Segment Open
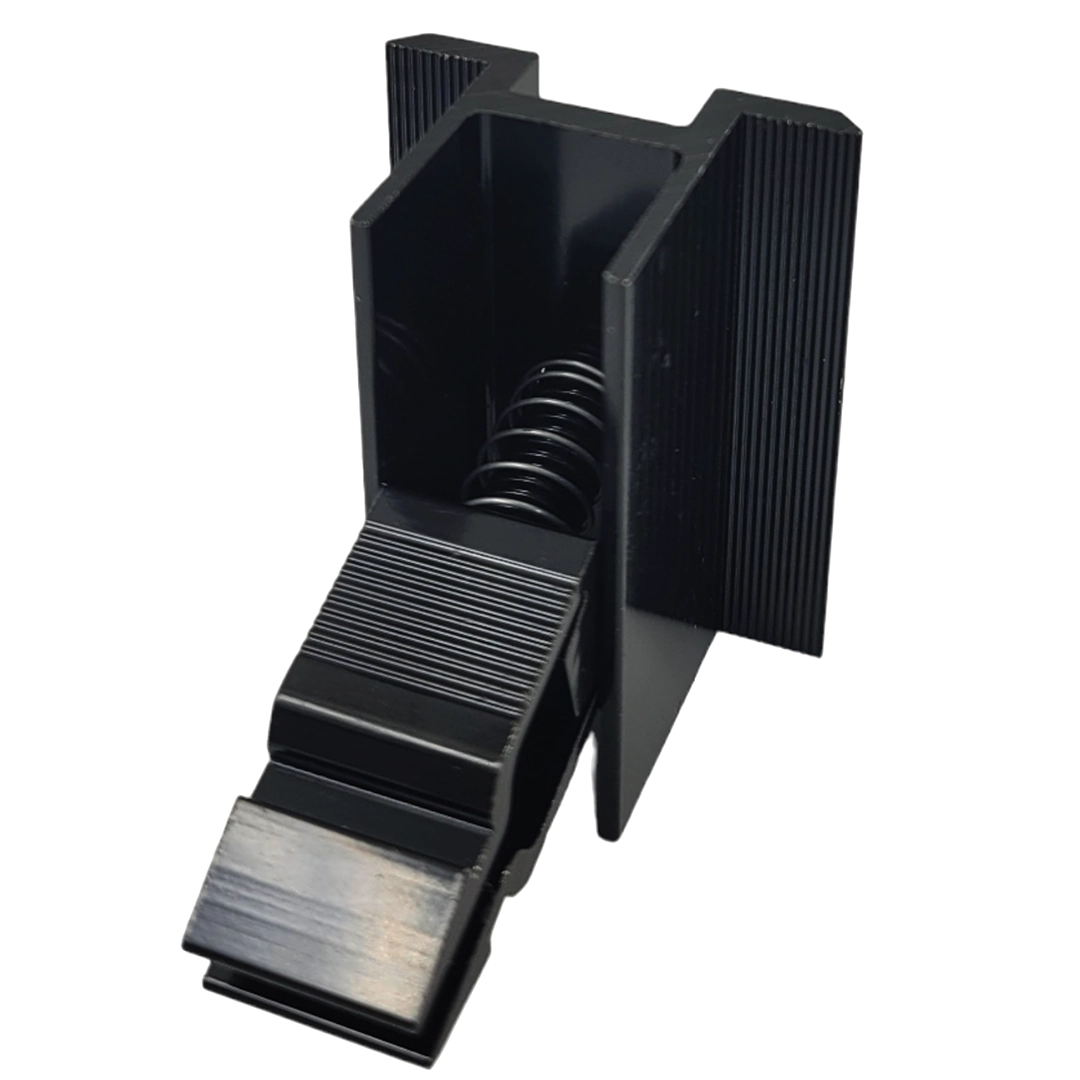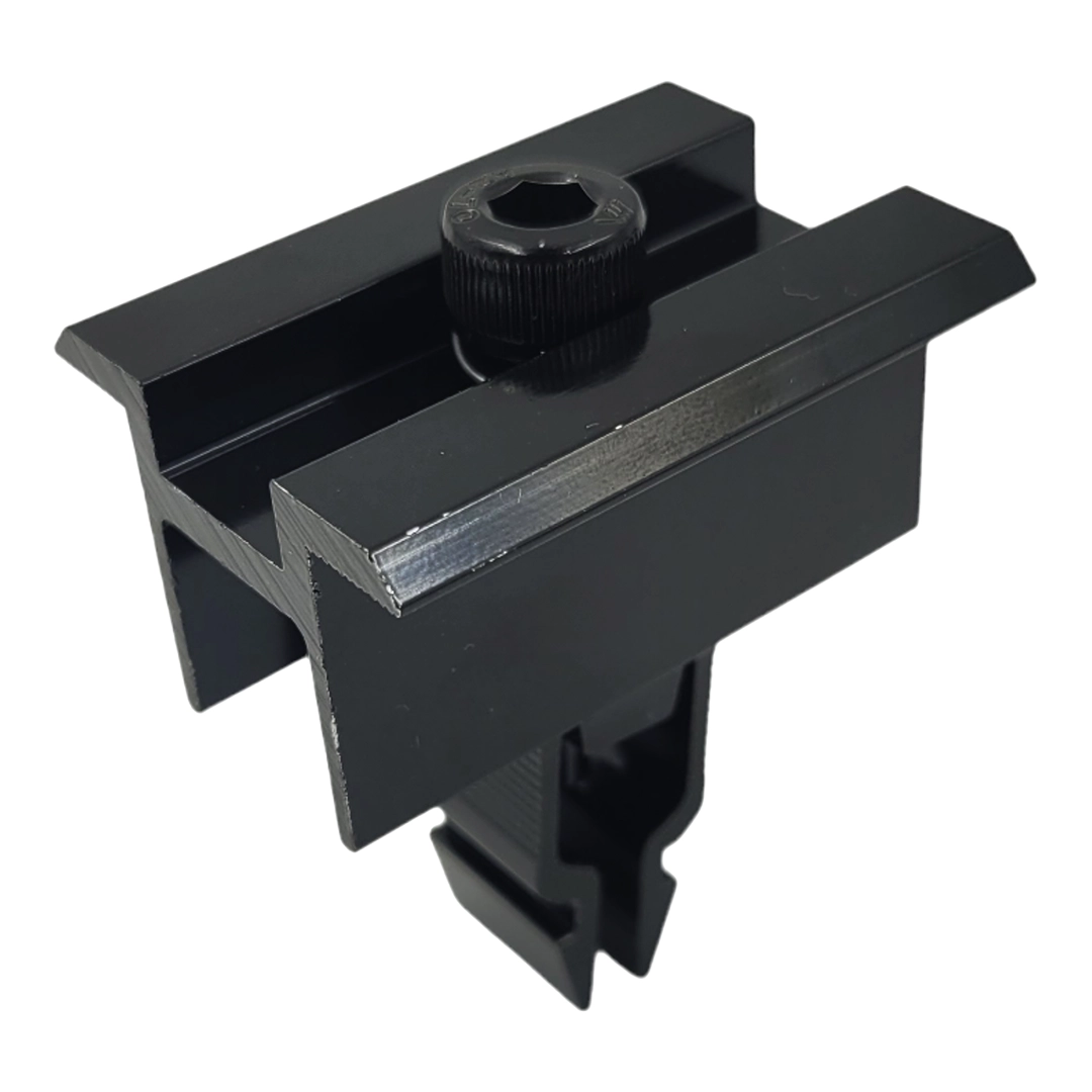 Keskipainekiinnike alumiinista 6060 musta - Mustaksi maalattu L50 (tyyppi 2), mutterilla ja pultilla varustettu napsautussalpa aurinkosähkömoduulien kiinnittämiseen.
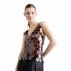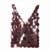 Mot. palaidinė- viršus, tamsios vyšninės spalvos, gili V formos kaklo iškirptė, be rankovių, permatoma, užsegimas spaudėmis, atvira nugara.
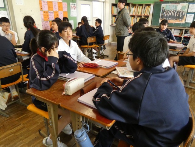 1年A組の英語の授業の様子です。数字の英語表現をゲームをしながら学習しています。
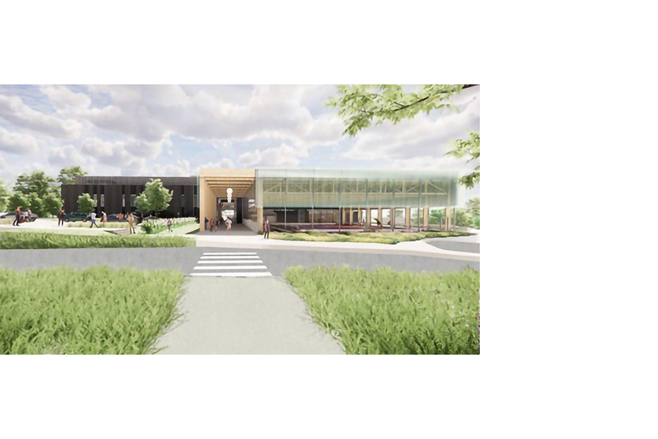 Mock-up of the planned Outer West Leisure Centre, showing the entrance by the roadside
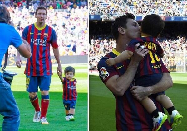 M10 hãnh diện dắt con trai đầu lòng xuống sân cỏ. Thiago ngày càng chững chạc và ra dáng một ngôi sao bóng đá như bố.
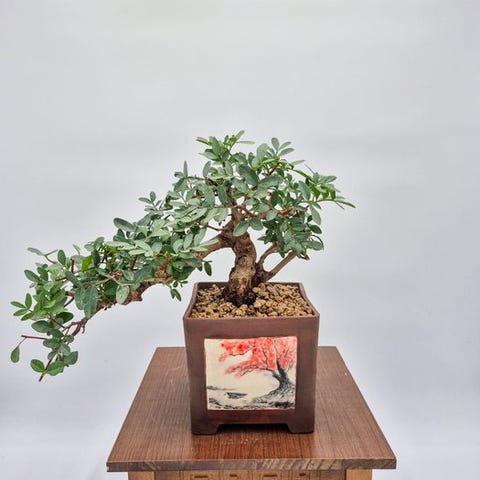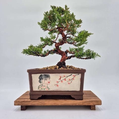 Evergreen Pinus pentaphylla bonsai i håndlavet potte, træhøjde 21 cm og stammediameter 12,5 cm, afsendes i trækasse. Klik på den blå "gå til varen" knap, for at købe eller byde på denne vare. Den samlede pris vil blive vist inden du afgiver dit bud.
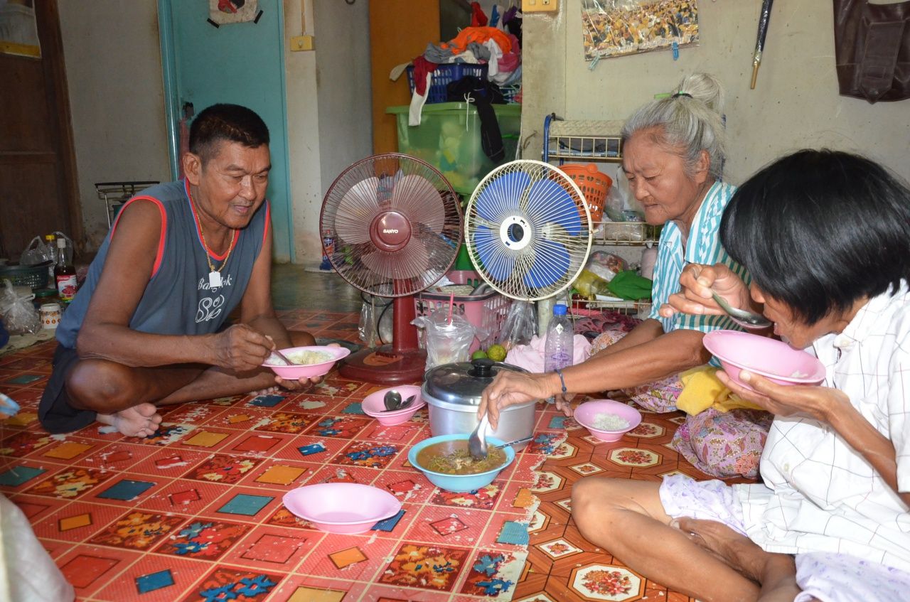 นางสาวสุรินทร์ พูลสวัสดิ์ อายุ 70 ปี พี่สาวคนโต เผยว่า ตอนแรกก็สามารถทำงานกันได้ทุกคน แต่พอมาช่วง 7-8 ปีที่ผ่านมา ร่างกายเริ่มไม่ไหวกันแล้ว ใช้เงินคนชรา เงินผู้พิการประทังชีวิต ได้รวมกันสามคน 1 พันกว่าบาท ก็เอามาซื้อข้าวสาร จ่ายค่าน้ำ ค่าไฟ ตอนนี้สงสารน้องสาวมาก ต้องมาดูแลทุกคนในครอบครัว อยากตายๆ ให้พ้นๆ ไปก็ทำไม่ได้ เพราะขนาดน้องยังสู้เพื่อครอบครัว ตนก็จะขออยู่เป็นกำลังใจให้น้องจนกว่าจะสิ้นลมหายใจ
Segment Closed
• **What you are asked to do**: Write the material out again exactly. Skip each picture.

• **Reply**:
 Keskipainekiinnike alumiinista 6060 musta - Mustaksi maalattu L50 (tyyppi 2), mutterilla ja pultilla varustettu napsautussalpa aurinkosähkömoduulien kiinnittämiseen.
 Mot. palaidinė- viršus, tamsios vyšninės spalvos, gili V formos kaklo iškirptė, be rankovių, permatoma, užsegimas spaudėmis, atvira nugara.
 1年A組の英語の授業の様子です。数字の英語表現をゲームをしながら学習しています。
 Mock-up of the planned Outer West Leisure Centre, showing the entrance by the roadside
 M10 hãnh diện dắt con trai đầu lòng xuống sân cỏ. Thiago ngày càng chững chạc và ra dáng một ngôi sao bóng đá như bố.
 Evergreen Pinus pentaphylla bonsai i håndlavet potte, træhøjde 21 cm og stammediameter 12,5 cm, afsendes i trækasse. Klik på den blå "gå til varen" knap, for at købe eller byde på denne vare. Den samlede pris vil blive vist inden du afgiver dit bud.
 นางสาวสุรินทร์ พูลสวัสดิ์ อายุ 70 ปี พี่สาวคนโต เผยว่า ตอนแรกก็สามารถทำงานกันได้ทุกคน แต่พอมาช่วง 7-8 ปีที่ผ่านมา ร่างกายเริ่มไม่ไหวกันแล้ว ใช้เงินคนชรา เงินผู้พิการประทังชีวิต ได้รวมกันสามคน 1 พันกว่าบาท ก็เอามาซื้อข้าวสาร จ่ายค่าน้ำ ค่าไฟ ตอนนี้สงสารน้องสาวมาก ต้องมาดูแลทุกคนในครอบครัว อยากตายๆ ให้พ้นๆ ไปก็ทำไม่ได้ เพราะขนาดน้องยังสู้เพื่อครอบครัว ตนก็จะขออยู่เป็นกำลังใจให้น้องจนกว่าจะสิ้นลมหายใจ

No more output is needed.